In general, compared to motion applications the computing task is not subject to hard real-time conditions and can therefore be executed with a lower priority than the control task. The task management of the TwinCAT 3 system ensures that the task with the highest priority is always executed first, so that these real-time conditions can be fulfilled even with complex calculations.

The presented concept can be used on both single-core and multi-core CPUs. Distribution over many cores is possible without the central locks causing bottlenecks.
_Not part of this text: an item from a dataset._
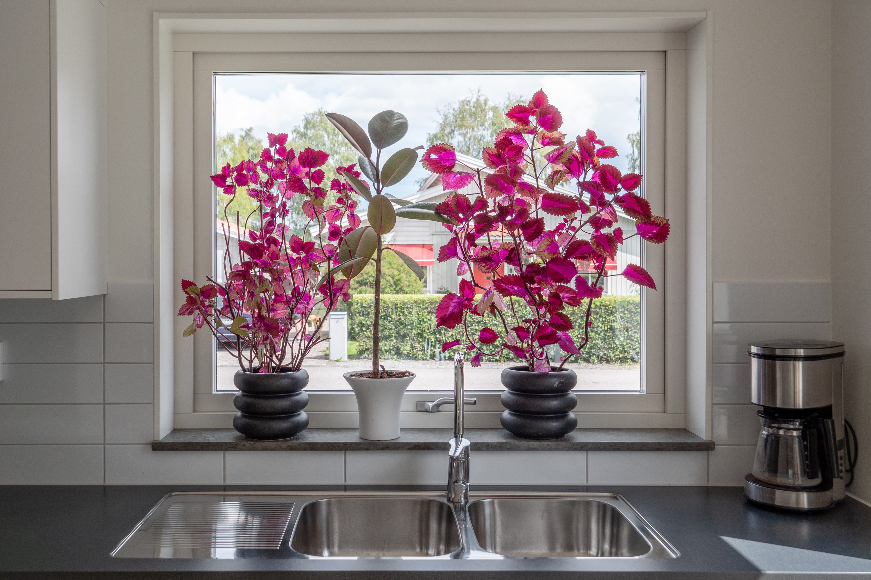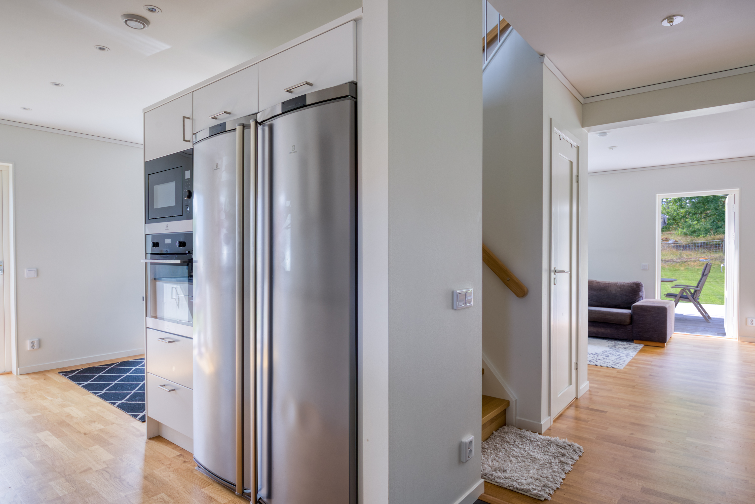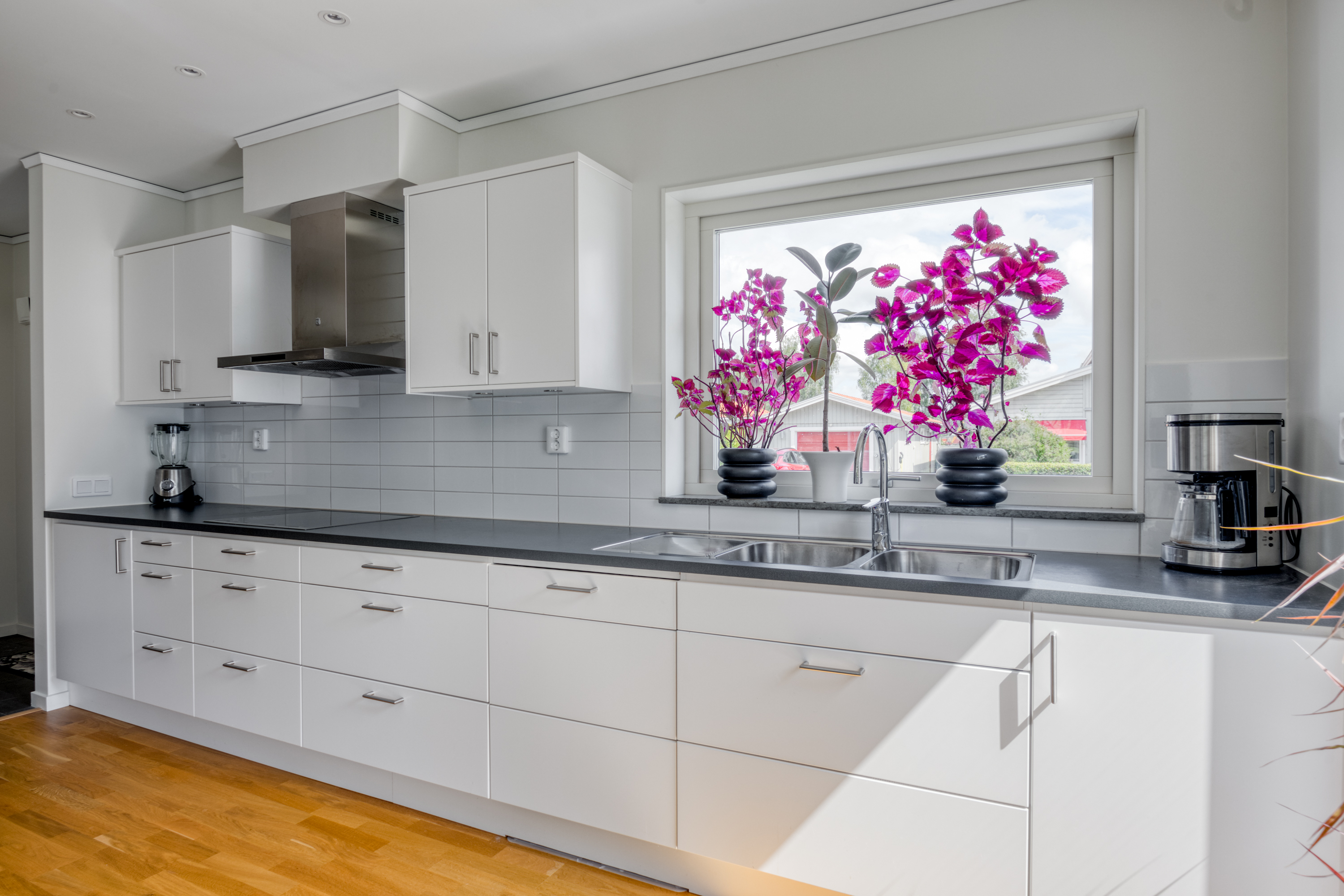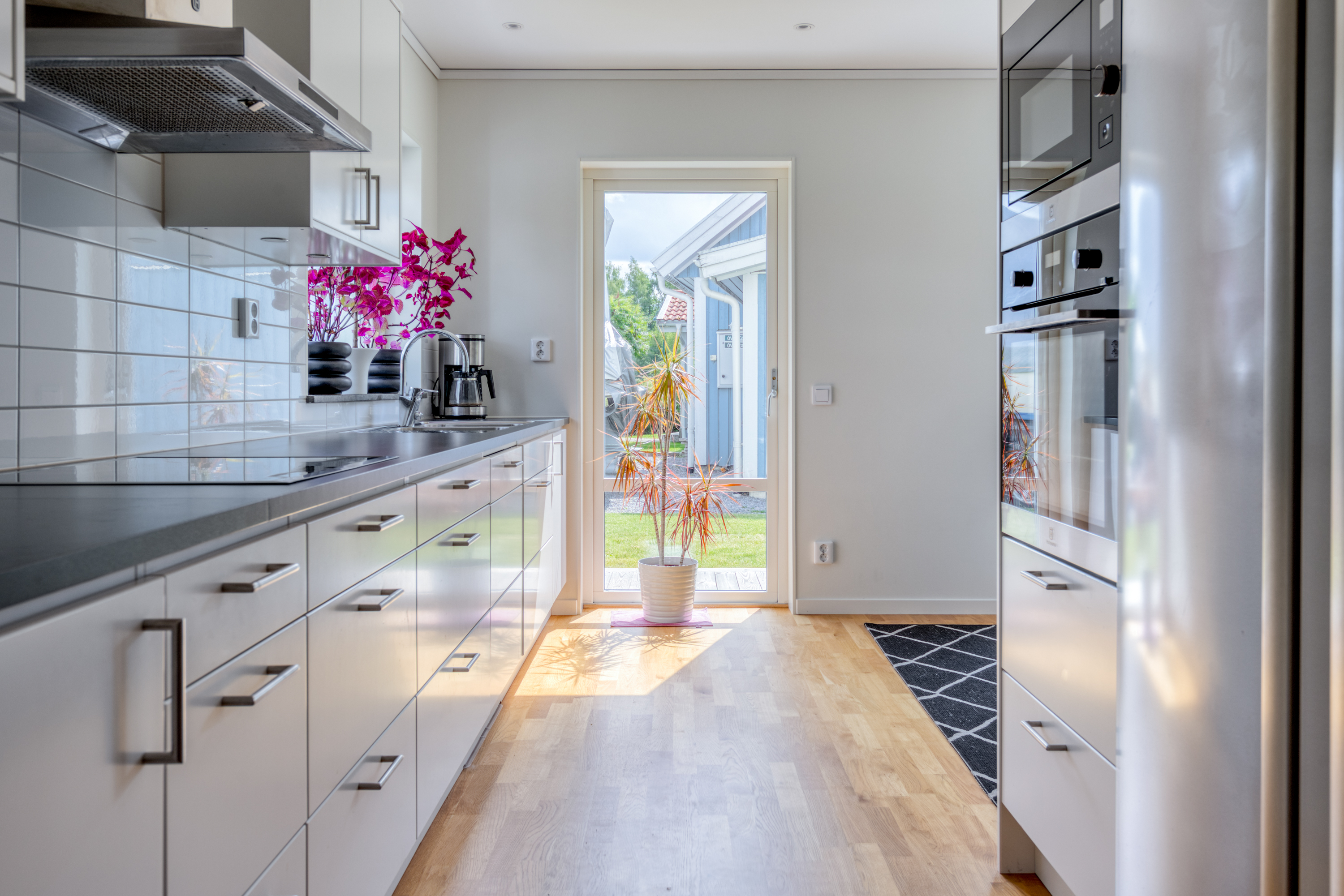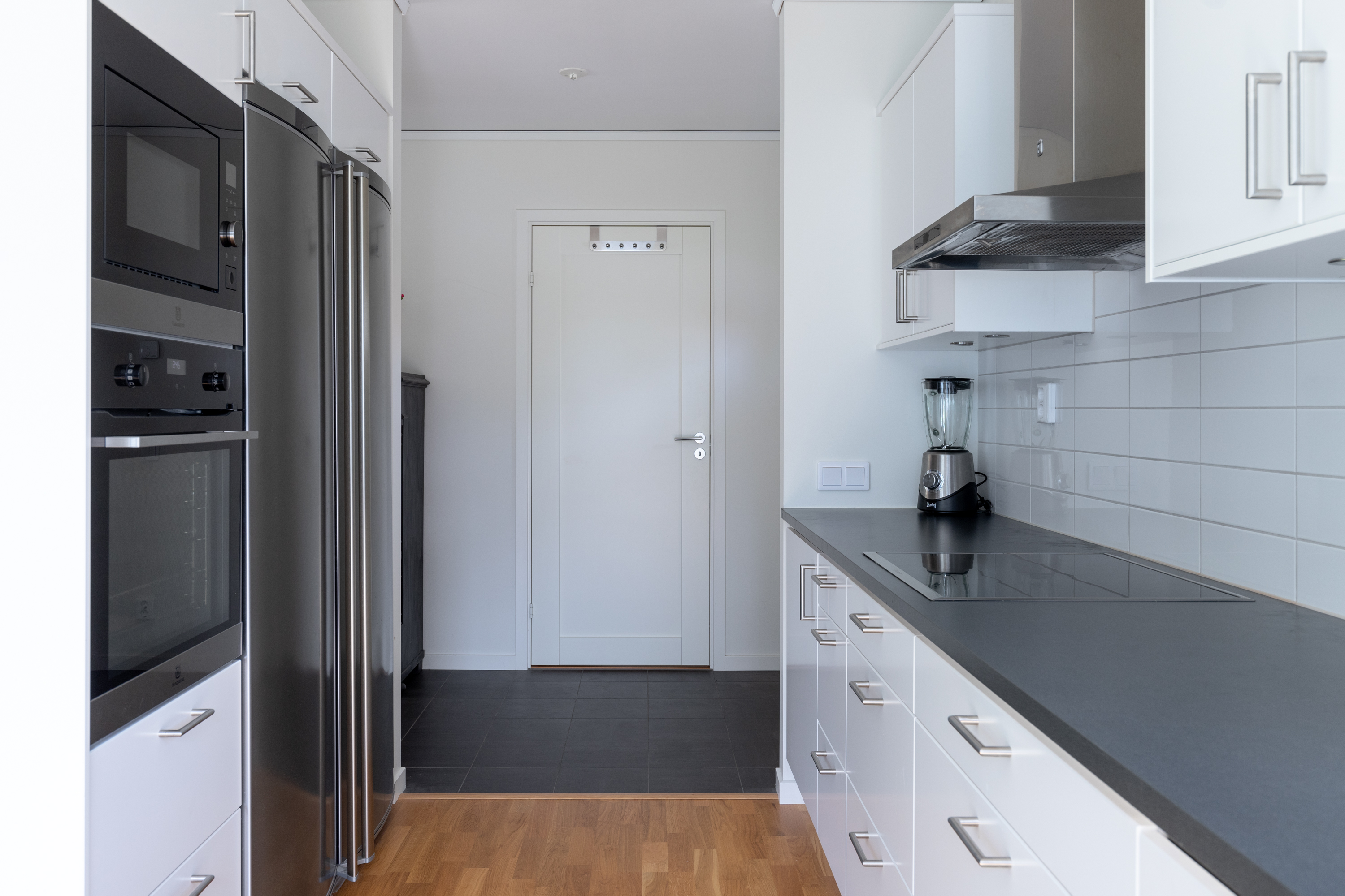 Smakfullt kök från 2018 med gott om arbetsytor och förvaring. Vita skåpsluckor och bänkskivor i mörk arbetsbänk. Köksutrustning i form av induktionshäll, fläkt, ugn, mikro, kyl och frys. Ekparkettgolv samt vitmålade väggar. Ljusinsläpp från flera håll håll. Stor matplats för minst 6-8 personer.

Parallel processing with Transfer Tray 3:

Timeout

The internal communication commands for the transfer tray may fail in rare cases, e.g. depending on the properties of the hardware. If, for example, there is an empty buffer in the queue that cannot be removed, because another task is currently accessing it. A synchronous timeout is specified and may occur as a result of a timeout error. The program must therefore always be prepared for the possible error state to the effect that a buffer required for the continuity of the signal data is not available. Consequential errors such as data overflow and discontinuities of analyzed time series must be processed in a consistent manner. As long as the input signal data of an analysis chain can be collected without errors, discontinuities do not occur. If a single timeout occurred in a downstream algorithm function block, or if no result MultiArray buffer was available for the downstream algorithm function block, neither input data nor result data are lost. They are transferred during the next call.

How the transfer tray works

The transfer tray itself is displayed using an internal function block provided by the Tc3_CM library. This function block is initialized with initial parameters that are defined in the global structure instance.

The typical use of queues is that buffers from exactly one task are added to the queue with a fixed data stream identifier, and these buffers are removed from a specific other task for processing. These buffers are then sent back via another queue with a different binding identifier and reused. However, it is also no problem if several tasks have read or write access to the same queues, e.g. when analyzing statistical data.

The MultiArray buffers

So-called MultiArray buffers are used to communicate data via the transfer tray from one task to the next. These are explained in the chapter "Using the MultiArray feature".